Не то чтобы он опасался визита украинских или тем более российских блюстителей закона. Его дом был его крепостью. Надежной, неприступной, способной выдержать как отчаянный штурм, так и длительную осаду.
Максимум безопасности при минимуме комфорта – эта фраза могла бы послужить девизом Шарко. Он не обзаводился мебелью, не украшал стены картинами и зеркалами, не застилал паркетные полы коврами. Комнаты были полны гулкого эха и выглядели нежилыми. Но самым неприглядным местом являлась огромная ванная комната, в которой самой ванны не было – только унитаз, раковина да душ, кафель вокруг которого почти всегда оставался сухим.

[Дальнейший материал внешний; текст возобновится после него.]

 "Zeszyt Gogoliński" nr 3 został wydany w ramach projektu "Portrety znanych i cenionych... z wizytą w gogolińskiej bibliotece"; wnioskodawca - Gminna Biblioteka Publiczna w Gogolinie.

Шарко не любил воду, а раз в месяц, в дни полнолуния, она внушала ему беспричинное отвращение. Сейчас начинался именно такой период. Проведя на солнцепеке не менее двух часов, Шарко не выпил ни глотка воды и не испытывал ни малейшей потребности искупаться. Его не смущал тяжелый запах, исходящий от собственного тела. Все, что улавливали его ноздри, это дурманящий аромат желтых, белых и красных роз, высаженных вдоль высокой ограды. Над ними жужжали пчелы. Только насекомые могли беспрепятственно проникать на территорию, обнесенную трехметровой кирпичной стеной. Да и то не все.
5
Привлеченная густым запахом, черно-желтая оса с перепончатыми крылышками перелетела через кирпичную ограду, увитую плющом, и сделала пробный заход над телом обнаженного Шарко, а потом принялась описывать постепенно сужающиеся концентрические круги.

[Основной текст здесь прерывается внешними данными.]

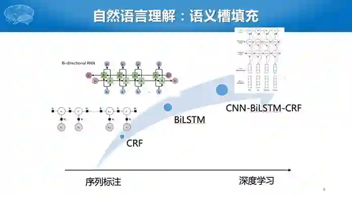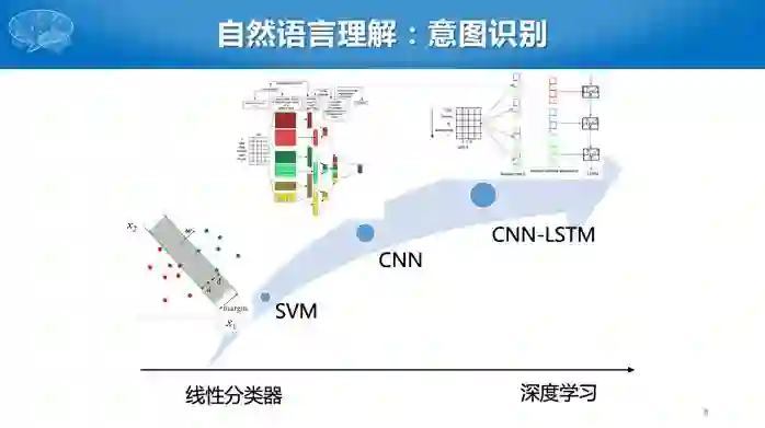 下面介绍这几个模块的技术发展趋势。其中,意图分类可以看成是文本分类,而且是短文本分类问题。早期采用SVM等线性分类器,最近主要采用深度学习方法,比如CNN或者CNN-LSTM。有人说深度学习需要大数据,对话领域数据不多,为什么还采用深度学习技术呢?这主要归功于预训练模型,使得深度学习在只有较少数据的情况下,仍然可以取得比较好的效果。

Не так давно она настигла свою ближайшую родственницу пчелу, атаковала ее на цветке чайной розы и пронзила жалом. Содрогаясь от вожделения, оса «опустошила» свою добычу, выдавливая из нее ароматный мед, как из тюбика, и слизывая его прямо из пчелиного рта. Насытившись, она отнесла парализованную жертву в нору, где были отложены ее личинки, которых она кормила подобно птице, заботящейся о своих крохотных птенчиках. Такие «пчелиные консервы» могли храниться под землей довольно долго, но инстинкт не позволял осе притрагиваться к ним снова. Кроме того, будучи настоящей хищницей, она питалась не только сладким. К бассейну ее привлек запах несвежей плоти. Гадая, почему от живого существа, распростертого на лужайке, несет тухлятиной, миниатюрная крылатая тигрица совершила плавный разворот и пошла на снижение.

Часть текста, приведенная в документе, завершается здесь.